Summing i from 1 to min(N,M). Note that the summation starts at 1, where a typical summation over choose functions would start at 0.

So when N is less than M, F(N,M) is the sum of the first N elements in the Mth row of Pascal's triangle, minus 1. In words, one can consider a set of M elements and ask how many nonempty subsets with at most N elements are there. I'm not sure if there is a clean form for that.

Finally, if N>M, F(N,M)=F(M,M), the number of nonempty subsets of size at most M in the set of M elements. A set with M elements has 2M subsets, and one of those is the empty set. So, F(M,M)=2M-1, as one would expect from a binary search solution.

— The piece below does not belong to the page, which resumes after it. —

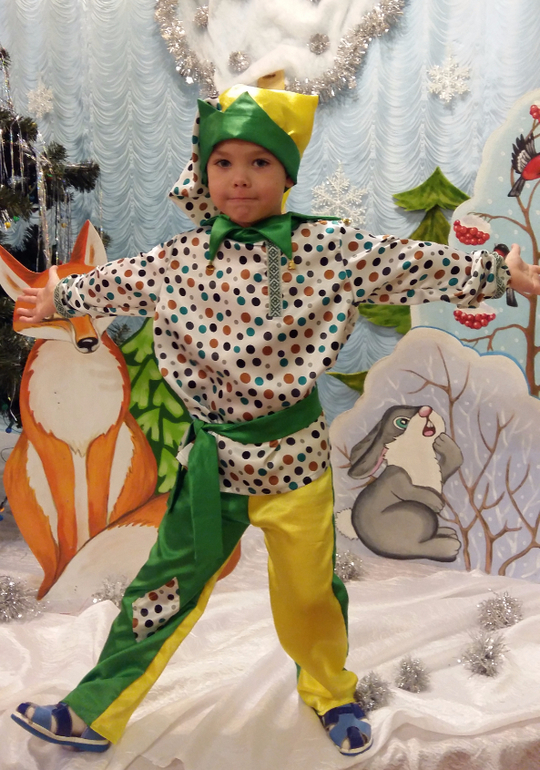 Костюм волка сшит из маминых запасов в виде саржи(подкладочной ткани), мех искусственный куплен в магазине, шапка от НГ подарка (в шапке были конфеты). В жилетке подклад - кусочек серого трикотажа

This completes the solution for how many floors you can cover with N marbles in M steps. If somebody asked your the reverse (and more standard) problem of solving K floors with N marbles, you simply look for the minimal value of M such that F(N,M)>K, and that gives you the worst case M.

Invisible Ants

Time for the solution to the ants on a line problem. The solution is actually stupidly simple, it really just is about one realization: Two pointlike ants bouncing off eachother is identical to two pointlike ants passing through eachother. At this point, you can easily see that there theoretical maximum is that you have an ant right on the left end initially walking to the right. No matter how the other ants are distributed, it will take exactly 100s for the last ant to fall off.

Pretty dumb puzzle, to be honest, but I thought it was a bit of a cute trick.